Luka Bakar pada Anak Pakai Apa? Ini Pertolongan Tepatnya

Ditinjau oleh  Redaksi Halodoc   13 Maret 2026

Luka Bakar Anak: Pakai Apa? Pertolongan dan Salep

Luka Bakar pada Anak Pakai Apa? Ini Pertolongan TepatnyaLuka Bakar pada Anak Pakai Apa? Ini Pertolongan Tepatnya

Pertolongan dan Perawatan Luka Bakar pada Anak

Luka bakar pada anak adalah kondisi serius yang membutuhkan penanganan cepat dan tepat. Anak-anak memiliki kulit yang lebih tipis dan sensitif dibandingkan orang dewasa, sehingga luka bakar dapat menyebabkan kerusakan yang lebih parah dan lebih cepat. Memahami langkah pertolongan pertama yang benar dan mengetahui *luka bakar pada anak pakai apa* untuk perawatan selanjutnya sangat penting untuk meminimalkan kerusakan, mengurangi rasa sakit, dan mencegah komplikasi.

Artikel ini akan membahas secara detail langkah-langkah pertolongan pertama di rumah, kapan waktu yang tepat untuk mencari bantuan medis, serta pilihan salep atau topikal yang aman dan efektif untuk luka bakar pada anak, sesuai rekomendasi ahli kesehatan.

Ringkasan Langkah Pertama Penanganan Luka Bakar pada Anak

Penanganan luka bakar pada anak harus dilakukan sesegera mungkin. Berikut adalah ringkasan singkat yang dapat menjadi panduan cepat:

  • Dinginkan luka dengan air mengalir selama 10–20 menit untuk mengurangi panas dan nyeri.
  • Lepaskan pakaian atau perhiasan yang ada di sekitar area luka, asalkan tidak menempel pada kulit.
  • Bungkus area yang terbakar dengan perban steril atau kain bersih yang longgar dan tidak lengket.
  • Berikan obat pereda nyeri yang sesuai dengan usia dan dosis anak, seperti paracetamol atau ibuprofen.
  • Untuk luka bakar ringan, gel lidah buaya dapat digunakan. Salep antimikroba seperti silver sulfadiazine hanya boleh sesuai resep dokter.
  • Segera bawa anak ke fasilitas kesehatan bila luka bakar luas, dalam, atau terjadi di area sensitif.

Apa Itu Luka Bakar pada Anak?

Luka bakar adalah cedera pada jaringan kulit yang disebabkan oleh panas, listrik, bahan kimia, atau radiasi. Pada anak-anak, sebagian besar kasus luka bakar terjadi akibat kontak dengan cairan panas (misalnya air panas, minyak panas) atau benda panas (seperti setrika, knalpot). Insiden ini seringkali terjadi di rumah dan memerlukan perhatian segera.

Tingkat keparahan luka bakar ditentukan oleh kedalaman dan luas area yang terkena. Luka bakar derajat satu hanya memengaruhi lapisan kulit terluar (epidermis), menyebabkan kemerahan dan nyeri. Luka bakar derajat dua mengenai epidermis dan sebagian dermis, menyebabkan lepuhan dan nyeri hebat. Luka bakar derajat tiga melibatkan seluruh lapisan kulit dan mungkin jaringan di bawahnya, seringkali tidak terasa sakit karena kerusakan saraf.
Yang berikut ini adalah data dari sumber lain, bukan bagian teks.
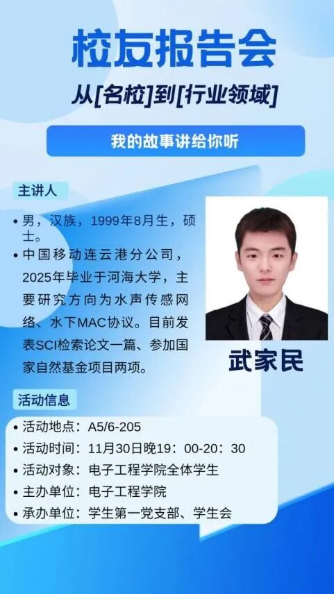 为帮助同学们明确大学发展方向,搭建校园与职场的沟通桥梁,11月30日晚,电子工程学院在A5/6-205学生社区举办校友分享会。本次分享会邀请到2017级电子信息专业优秀校友武家民主讲,他本科毕业后考研深造,获河海大学电子信息硕士学位,今年7月入职中国移动连云港分公司,以自身成长经历为大一新生和研究生们带来了一场实用性极强的经验分享。

Langkah Pertolongan Pertama Luka Bakar pada Anak di Rumah

Ketika anak mengalami luka bakar, kecepatan dan ketepatan pertolongan pertama sangat krusial. Tindakan awal ini dapat mengurangi tingkat keparahan luka dan mencegah komplikasi.
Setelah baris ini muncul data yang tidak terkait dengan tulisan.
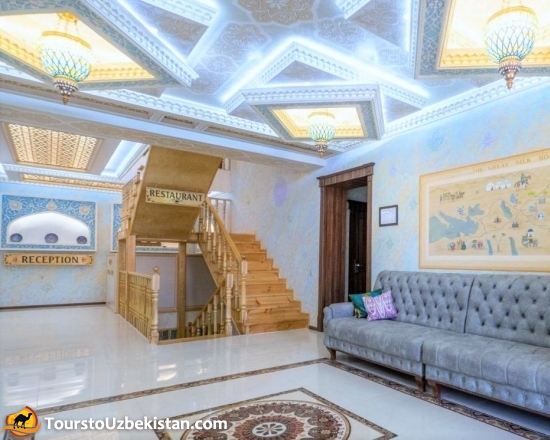 Grand Vizir - Hotel is a cozy boutique hotel located in the historic center of Khiva, just steps away from the city’s main attractions. The hotel offers comfortable rooms equipped with air conditioning, a TV, and modern amenities. Guests can enjoy a delicious breakfast each morning, and in the evening relax at the on-site restaurant or on the terrace overlooking the charming old streets. Friendly staff, a convenient location, and a warm atmosphere make for a pleasant and comfortable stay.

Dinginkan Luka dengan Air Mengalir

Langkah pertama yang paling penting adalah segera mendinginkan area luka bakar. Siram luka dengan air mengalir (bukan air es) pada suhu kamar selama 10 hingga 20 menit [[1]]. Pendinginan ini membantu meredakan rasa nyeri, mengurangi peradangan, dan memperlambat proses kerusakan jaringan lebih lanjut.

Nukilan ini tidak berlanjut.